The mating system of Hartlaub's spurfowl can be described as a female dominated resource defence monogamy. Perennial territorial resources (food, traditional call-sites, refuge and suitable nest-sites) are primarily defended by female Hartlaub's francolins. By excluding other females from the vicinity of the resource, the defending female can count on male visitation, life-mating and thus biased mating access with guaranteed fertilization. The pair bond is maintained by ritualised behaviours, including pair-distinct (female initiated) antiphonal duetting and reverse mounting during courtship and incubation. Operational sex ratios are "female skewed" and probably strongly influenced by predation, with noticeably large numbers of strongly- vocal female 'floaters' and a virtual absence of un-mated males. It is unusual that this sex-role reversed monogamy occurs in a species which is strongly sexually dichromatic and dimorphic, with the males more brightly coloured and somewhat larger than females.

===Food and feeding===
Habitat use, foraging behavior, and diet of male and female Hartlaub's spurfowl are related to the availability of corms, seed, and insects of different sizes in different habitats.
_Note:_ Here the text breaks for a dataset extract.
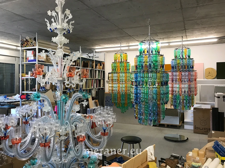 Normalerweise gibt es in der weitläufigen Pobitzer-Passage unter den Meraner Lauben, von Gesprächslauten abgesehen, wenig zu hören. Seit 2020 ertönen jedoch pünktlich um zwölf Uhr ungewohnte Klänge, die sich im Wandel der Monate ändern. In den Ruhepausen erklingt im Stundentakt ein Ton. Schaut man sich neugierig um, beeindruckt die großformatige Installation „Carillon“, kreiert von Manfred Alois Mayr. Er hat im Auftrag von Ernst Pobitzer ein faszinierendes, programmierbares und live bespielbares Klang-Instrument kreiert und die Komponistin Manuela Kerer hat verschiedene Stücke dafür komponiert. Das neue Meraner Glockenspiel verknüpft Ton und Material: Über 10 Meter hoch beeindruckt das raumplastische Materialbild mit 41 Fundstücken aus Metall (Eisen, Aluminium, Rost, Nickel, Gold), die M. A. Mayr am Recyclinghof fand und zum Teil veredeln ließ, verbunden mit 42 Magnet-Hämmern, 1.000 Metern Kabel und einem Schaltkasten mit Zeituhr.

They primarily forage on granitic outcrops, and use a variety of feeding techniques, with significant sexual differences in foraging behavior, and to a lesser degree, dietary composition.

Males consume a greater diversity of food items than females, although considerable dietary overlap occurs between the sexes, and sexual differences in feeding techniques result in some food items being prioritized by each sex. In particular, distinct functional differences results from females' almost exclusive digging habits, in contrast to males' wider range of foraging techniques, including an apparently male-specific foraging technique of exposing cryptic termites.

The relatively larger-billed females specializes on digging out the corms of Cyperus spp., which within the species, appears to be primarily carried out by females, with males spending proportionally more time foraging for a more diverse diet of insects and seed. This sexual difference in diet is thought to be adaptive, in response to predator and sexual selection pressures. The relatively narrow dietary spectrum of females may be a causative factor in vigorous perennial defence of territorial resources.

Hartlaub's spurfowl occur in pairs or small family parties up to four, and are inconspicuous unless calling. They are not easily flushed, preferring to hide between boulders. Flushed birds utter a rapid, chattering 'krak', flying rapidly.

==Status==
Hartlaub's spurfowl is not especially common throughout its limited range. The Namibian population is estimated at c. 26 000 birds. However, its conservation status is not threatened, probably because its habitat is of little commercial value to humans at this stage. Granite mining activities are a potential threat to their habitat. Though spurfowls are gamebirds, Hartlaub's is too small to be of any special culinary value.